Theater Review: On a Clear Day You Can See Forever

The morning after Barbara Harris opened in The Apple Tree at the Shubert in October of 1966, Walter Kerr in the New York Times noted that Harris is “exquisite, appetizing, alarming, seductive, out of her mind, irresistible and from now on unavoidable.” I had seen the performance, but I made it a habit to get to the Shubert from time to time (a standing room ticket cost something like $2.40 in those days) to witness the magic at least six more times.

It was especially rewarding to watch Harris then because exactly one year earlier I saw her perform stoically in a mess of a show entitled On a Clear Day You Can See Forever. And although Burton Lane’s musical score was extraordinarily lilting, the work’s book about a woman with ESP was thin and often incomprehensible. Alan Jay Lerner’s libretto dealt with a young woman named Daisy Gamble (Harris) who is being treated by a Freudian analyst for a smoking habit. It is when she is under hypnosis that the doctor appears to be falling in love with Melinda, the person Daisy was in a past life. Alan Jay Lerner’s book might have been deadly dull, but Burton Lane’s score was a melodic marvel.

A revival of the 1965 musical at the St. James, which stars Harry Connick Jr., fares slightly better. This time Peter Parnell’s revised book, set in 1974, centers around Mark Bruckner (Harry Connick, Jr.), a psychiatrist who reluctantly agrees to treat a young, gay florist’s assistant, David Gamble (David Turner), for a smoking addiction. If he were to be cured, David feels, his boyfriend will agree to marry him. While under hypnosis, the addicted lad divulges that he had previously existed as Melinda Wells (Jessie Mueller), a jazz singer in the 1940s. It is Melinda who apparently interests the psychiatrist and that’s the reason the young man is asked to return for more sessions. Melinda, it appears, is the only one who can make the psychiatrist stop grieving for his deceased wife. (I should note here that Mueller is a suave, brassy belter, and there were moments when she evoked Garland.)

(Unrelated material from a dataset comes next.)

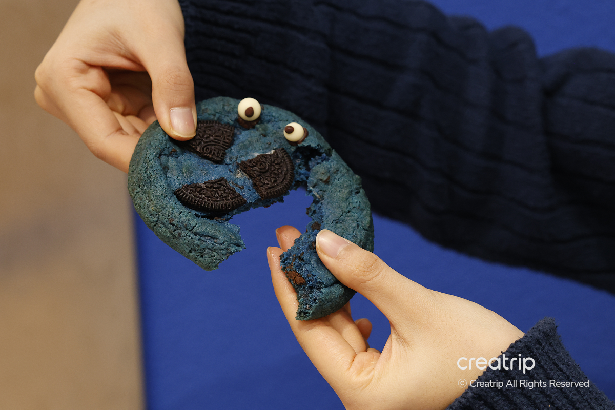 Setiap kue kering memiliki stiker berbentuk mata kecil, yang membuat detailnya terasa lucu.

The new libretto might be somewhat more effective than the work’s original book, but it is still often obtuse and inane. The pop art, bright sets by Christine Jones are appealing; and so, too, are Catherine Zuber’s colorful costumes. Credit Jo-Ann M.Hunter for some energetic (but unoriginal) choreography. However, it is the memorably buoyant musical numbers that keep the show alive. Some of the songs have been lifted from other Lerner and Lane works. A favorite, for example, is “Too Late Now” (“Too late now to forget your smile/The way we’d cling when we danced awhile...”) from Royal Wedding (1951), the movie musical that featured Fred Astaire and Jane Powell.

Still, the musical has been damaged once again by another bizarre book. Michael Stewart, the Broadway librettist, appears to have been stymied. He has moved the story forward by ten years. But by changing the time period, adding a gay counterplot and focusing on the psychologist, there hasn’t been much done to improve the libretto. And yet, Michael Mayer, the show’s director, does what he can to hold our attention.

It’s fair and logical to assume that most of the audience was at the St. James to see and hear Harry Connick Jr. And he does a great deal to bring Bruckner, a man beset by various troubles, to vibrant life. The show’s book, however, remains its primary problem. After playwright James Kirkwood saw the original production, he mentioned that he was feeling so happy in the intermission because he didn’t know how it was going to end. “I didn’t either,” Lerner added, and “that was the trouble.” There are some cyclic pleasures to be had at the St. James now, but they have still not found a suitable way to being down the curtain.